Activity
Every line with the word "двери" in it should be extracted from the data that follows.

Task material
..........

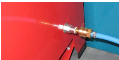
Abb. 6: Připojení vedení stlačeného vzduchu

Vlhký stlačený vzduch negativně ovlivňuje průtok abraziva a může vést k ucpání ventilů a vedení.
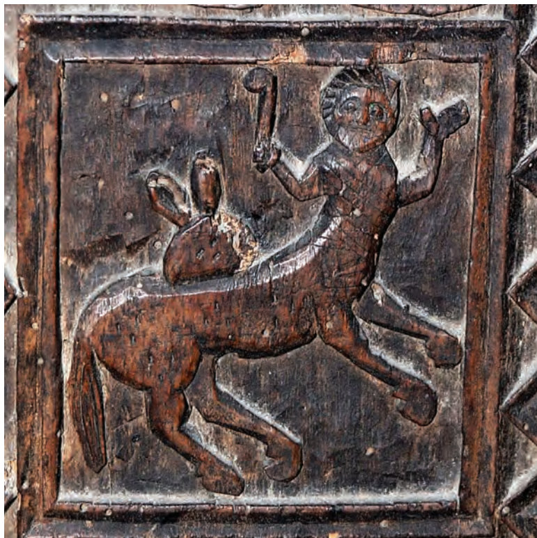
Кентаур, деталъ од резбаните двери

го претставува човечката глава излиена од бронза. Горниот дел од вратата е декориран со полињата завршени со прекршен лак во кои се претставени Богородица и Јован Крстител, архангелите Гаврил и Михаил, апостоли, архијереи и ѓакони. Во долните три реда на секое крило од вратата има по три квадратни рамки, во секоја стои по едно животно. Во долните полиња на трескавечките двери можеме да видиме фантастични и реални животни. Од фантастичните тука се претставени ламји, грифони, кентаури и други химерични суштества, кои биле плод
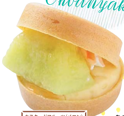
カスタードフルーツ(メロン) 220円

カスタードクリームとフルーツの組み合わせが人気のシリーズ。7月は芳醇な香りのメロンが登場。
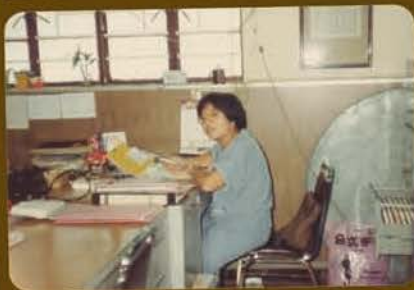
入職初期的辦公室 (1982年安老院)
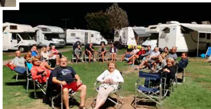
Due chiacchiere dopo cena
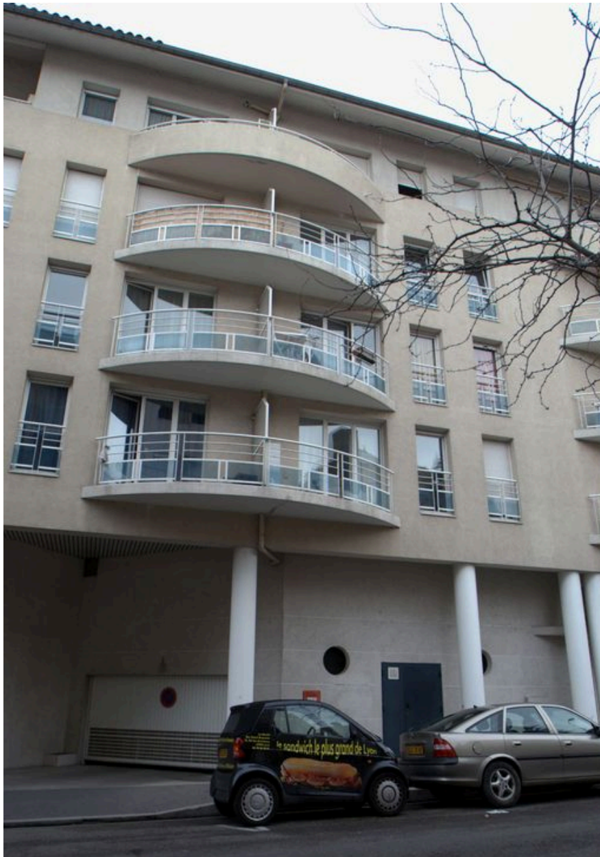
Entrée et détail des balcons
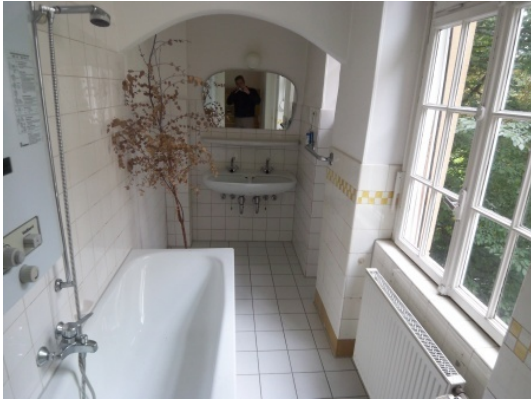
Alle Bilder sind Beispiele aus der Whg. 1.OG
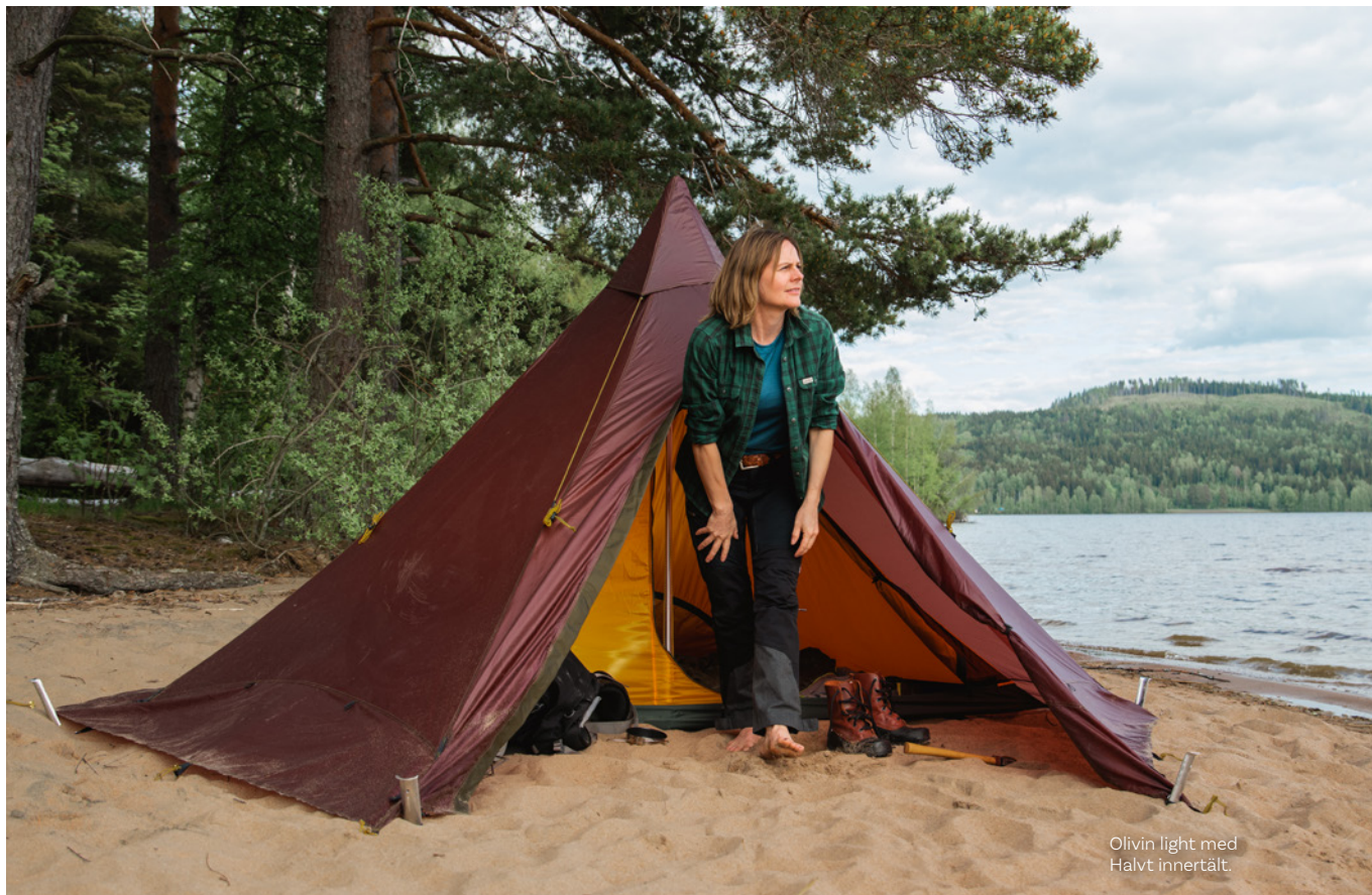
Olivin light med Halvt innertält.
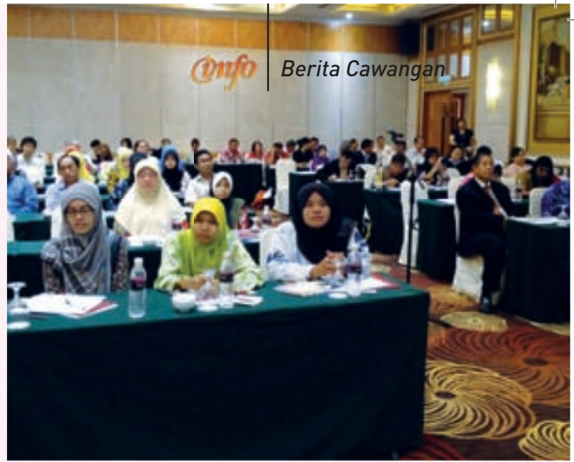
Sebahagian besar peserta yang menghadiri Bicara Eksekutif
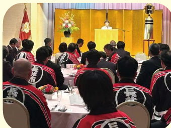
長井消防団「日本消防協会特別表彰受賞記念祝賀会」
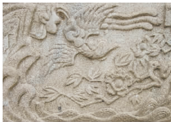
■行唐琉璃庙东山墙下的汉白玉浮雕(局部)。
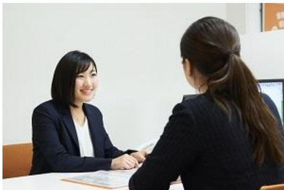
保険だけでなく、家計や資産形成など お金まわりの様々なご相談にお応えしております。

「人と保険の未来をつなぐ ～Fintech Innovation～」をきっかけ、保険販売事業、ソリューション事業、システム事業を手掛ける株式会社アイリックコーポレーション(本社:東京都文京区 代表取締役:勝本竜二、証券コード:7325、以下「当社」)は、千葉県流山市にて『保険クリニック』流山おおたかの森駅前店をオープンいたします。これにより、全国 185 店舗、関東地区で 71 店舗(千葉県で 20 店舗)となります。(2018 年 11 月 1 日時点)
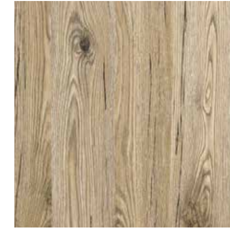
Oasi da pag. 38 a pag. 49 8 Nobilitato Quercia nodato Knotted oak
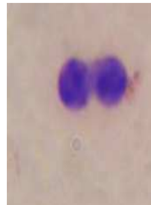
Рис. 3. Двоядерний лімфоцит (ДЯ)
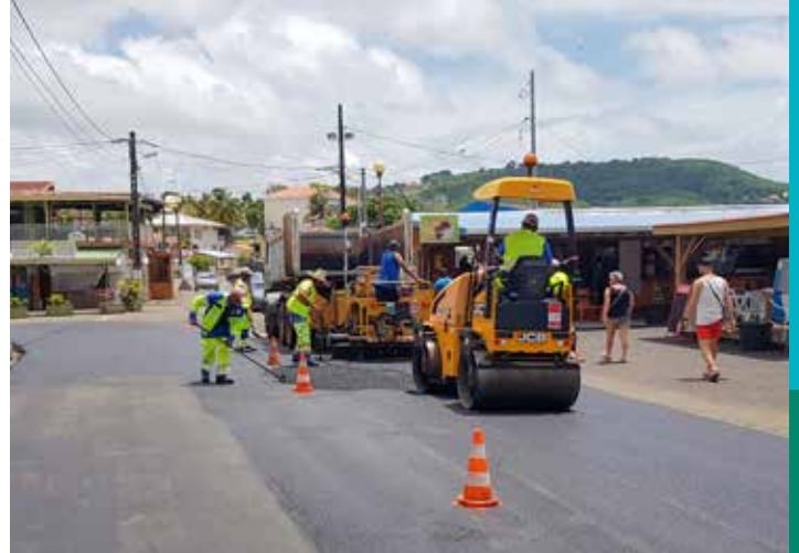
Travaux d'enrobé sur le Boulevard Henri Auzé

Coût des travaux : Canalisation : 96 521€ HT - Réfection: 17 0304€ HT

..........

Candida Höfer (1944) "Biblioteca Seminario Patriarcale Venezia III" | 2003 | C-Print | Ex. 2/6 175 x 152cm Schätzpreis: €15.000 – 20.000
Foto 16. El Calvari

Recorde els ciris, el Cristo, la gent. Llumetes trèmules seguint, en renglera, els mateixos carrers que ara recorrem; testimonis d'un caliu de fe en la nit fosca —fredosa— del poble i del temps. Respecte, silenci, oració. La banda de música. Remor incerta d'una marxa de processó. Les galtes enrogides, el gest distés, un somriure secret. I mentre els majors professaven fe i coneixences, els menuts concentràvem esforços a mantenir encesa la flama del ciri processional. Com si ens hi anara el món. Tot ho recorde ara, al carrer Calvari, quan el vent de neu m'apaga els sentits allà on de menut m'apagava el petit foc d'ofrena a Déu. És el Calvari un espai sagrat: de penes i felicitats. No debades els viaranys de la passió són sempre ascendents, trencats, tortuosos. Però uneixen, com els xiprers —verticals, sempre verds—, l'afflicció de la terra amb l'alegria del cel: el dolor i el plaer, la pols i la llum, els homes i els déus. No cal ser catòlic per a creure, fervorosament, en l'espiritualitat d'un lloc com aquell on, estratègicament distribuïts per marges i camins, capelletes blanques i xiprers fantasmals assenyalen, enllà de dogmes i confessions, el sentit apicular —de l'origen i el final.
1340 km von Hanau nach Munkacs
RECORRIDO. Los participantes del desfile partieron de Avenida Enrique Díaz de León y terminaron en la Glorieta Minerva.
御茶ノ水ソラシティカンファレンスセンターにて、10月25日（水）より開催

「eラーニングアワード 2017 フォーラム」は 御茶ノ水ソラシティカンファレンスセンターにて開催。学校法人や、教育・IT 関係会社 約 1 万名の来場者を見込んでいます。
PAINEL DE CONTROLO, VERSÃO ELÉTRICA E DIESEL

..........

Output of the exercise
Кентаур, деталъ од резбаните двери
го претставува човечката глава излиена од бронза. Горниот дел од вратата е декориран со полињата завршени со прекршен лак во кои се претставени Богородица и Јован Крстител, архангелите Гаврил и Михаил, апостоли, архијереи и ѓакони. Во долните три реда на секое крило од вратата има по три квадратни рамки, во секоја стои по едно животно. Во долните полиња на трескавечките двери можеме да видиме фантастични и реални животни. Од фантастичните тука се претставени ламји, грифони, кентаури и други химерични суштества, кои биле плод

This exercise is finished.